Monday, 17 December 2012

A voice in the Crowd

 A colleague of mine developed a marvelous theory she calls traducture which describes the power relations inherently constructed through translation.  For instance, when you hold a meeting and decide one language will be the primary language of communication and other languages will use translation, the primary language and meanings in that language move to the top of a hierarchy.  A power structure forms.  There are many subtle ways in which translation influences power, some of which are quite obvious like this example, others may be less apparent.  Having done some very informal, if-no-one-else-can-then-I-will-try sort of translation (it's a very challenging skill that I do not possess), but more often working as a cultural translator in tandem with professional translators, I have seen the impact of these power dynamics first hand.  

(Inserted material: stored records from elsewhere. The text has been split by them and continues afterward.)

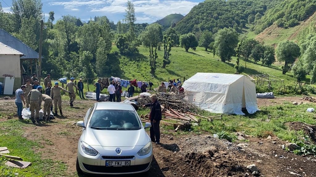 Depremde ağır hasar alan köyde çadırlar kuruluyor. FOTO: İHABAZI KÖYLERDE HASARA YOL AÇTI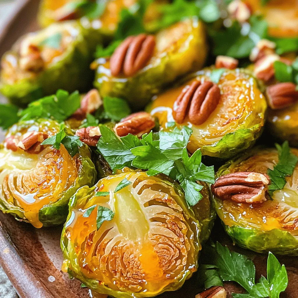 In den letzten 5 Minuten des Röstens gebe ich 30 g gehackte Pekannüsse dazu. Sie bekommen einen tollen Crunch. Nachdem der Rosenkohl fertig ist, nehme ich das Backblech aus dem Ofen. Ich übertrage die gerösteten Rosenkohl-Hälften und Pekannüsse auf eine Servierplatte. Dann garnieren ich alles mit frisch gehackter Petersilie. Das sieht nicht nur schön aus, sondern sorgt auch für mehr Geschmack.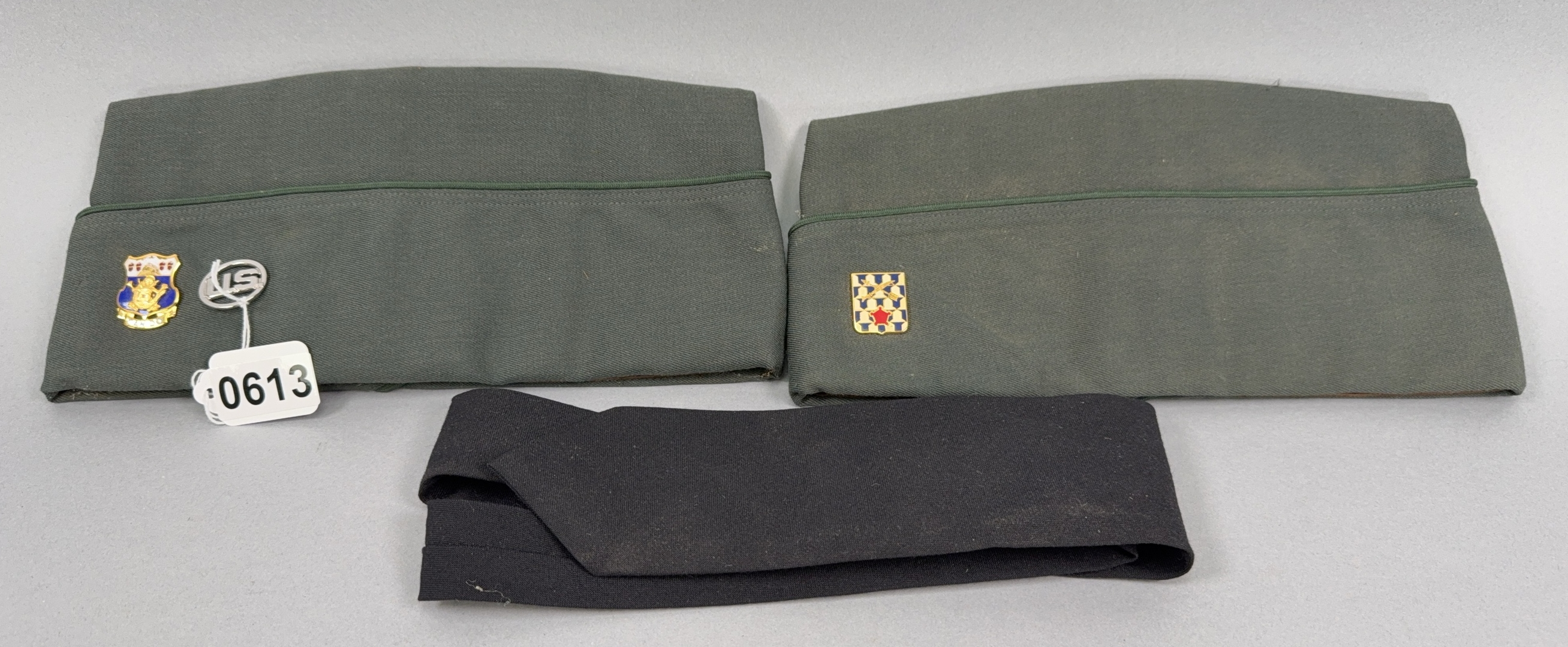 Pair of U.S. Army Garrison Caps with Insignias & Black Tie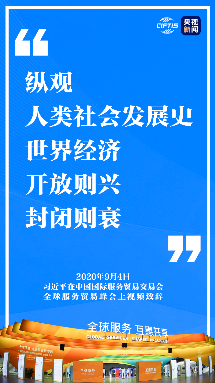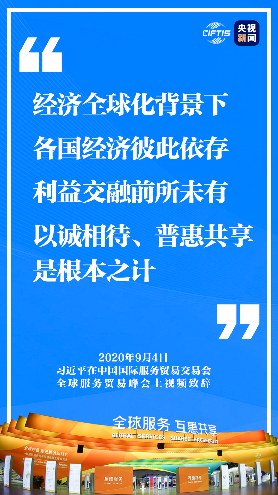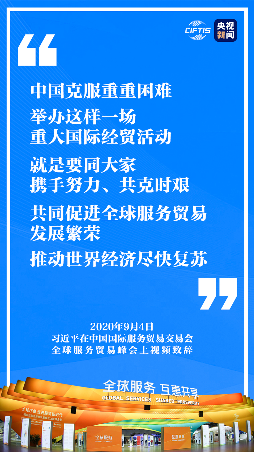 9月4日,國(guó)家主席習(xí)近平在2020年中國(guó)國(guó)際服務(wù)貿(mào)易交易會(huì)全球服務(wù)貿(mào)易峰會(huì)上視頻致辭。 挑戰(zhàn)與考驗(yàn) 當(dāng)今世界正在經(jīng)歷百年未有之大變局。新冠肺炎疫情全球大流行使這個(gè)大變局加速變化,經(jīng)濟(jì)全球化遭遇逆流,保護(hù)主義、單邊主義上升,世界經(jīng)濟(jì)低迷,國(guó)際貿(mào)易和投資大幅萎縮,給人類(lèi)生產(chǎn)生活帶來(lái)前所未有的挑戰(zhàn)和考驗(yàn)。 機(jī)遇與發(fā)展 這次疫情全球大流行期間,遠(yuǎn)程醫(yī)療、在線教育、共享平臺(tái)、協(xié)同辦公、跨境電商等服務(wù)廣泛應(yīng)用,對(duì)促進(jìn)各國(guó)經(jīng)濟(jì)穩(wěn)定、推動(dòng)國(guó)際抗疫合作發(fā)揮了重要作用。放眼未來(lái),服務(wù)業(yè)開(kāi)放合作正日益成為推動(dòng)發(fā)展的重要力量。 重要意義 中國(guó)克服重重困難,舉辦這樣一場(chǎng)重大國(guó)際經(jīng)貿(mào)活動(dòng),就是要同大家攜手努力、共克時(shí)艱,共同促進(jìn)全球服務(wù)貿(mào)易發(fā)展繁榮,推動(dòng)世界經(jīng)濟(jì)盡快復(fù)蘇。

A recent article in the New York Times explored this topic with the example of sign language used by scientists.  The concluding remarks reflected both the cultural and cognitive divide in communication between the deaf community and hearing community.
Such elegant personifications of tricky scientific concepts leave some deaf students feeling sorry for those who rely on their ears. “One of my students was telling me recently that she can’t imagine the difficulty that hearing instructors must have in describing concepts through spoken English, because of the linearity of spoken language,” Dr. Braun said.

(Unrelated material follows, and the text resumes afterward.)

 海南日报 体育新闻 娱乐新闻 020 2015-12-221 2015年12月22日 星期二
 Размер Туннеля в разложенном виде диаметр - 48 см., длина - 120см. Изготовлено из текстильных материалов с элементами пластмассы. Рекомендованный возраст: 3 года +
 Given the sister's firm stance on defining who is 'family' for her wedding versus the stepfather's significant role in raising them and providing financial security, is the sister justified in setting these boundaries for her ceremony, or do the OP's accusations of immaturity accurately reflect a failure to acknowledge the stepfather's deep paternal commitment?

Listening to other communities and cultures express sentiments such as this drives me to look at how technology (ICT) captures communication.  Is it only able to capture 'the linearity of spoken language' because the organization of interface objects and the databases they connect to presumes a linear narrative pattern?

Recently, I had an article accepted for publication on the topic of crowdsourced translation, specifically used in the context of crisis and disasters.  My intent was to reflect on the process of designing the technology and consider how the broader context and long-term use of the translated (and raw untranslated) information could drive design change.

you can read a pre-publish copy here

Both International non-governmental organizations and government actors have embraced the technological union of humans and software, known as crowdsourcing, to manage the flood of information produced during recent crises. However, unlike a business solution, the task of translation is unique during a crisis situation; the costs are human, and the impact is social and political. This paper follows four crises in which different crowdsourcing applications were developed by a range of actors. In each instance, the design approach failed to incorporate the unique circumstances of the conflict context resulting in a translation application which removed authorship, dissolved intentionality, and shed contextual markers from original sources. This flawed application prevented the original contributors from interacting with the information directly related to their own life-threatening situation, and the information it amassed formed an unsound basis for decision-making by international actors. The associated consequences during: post-earthquake Haiti 2010, Libya and Egypt 2011, and Somalia 2011/12 are intended to provoke process improvement among all stakeholders.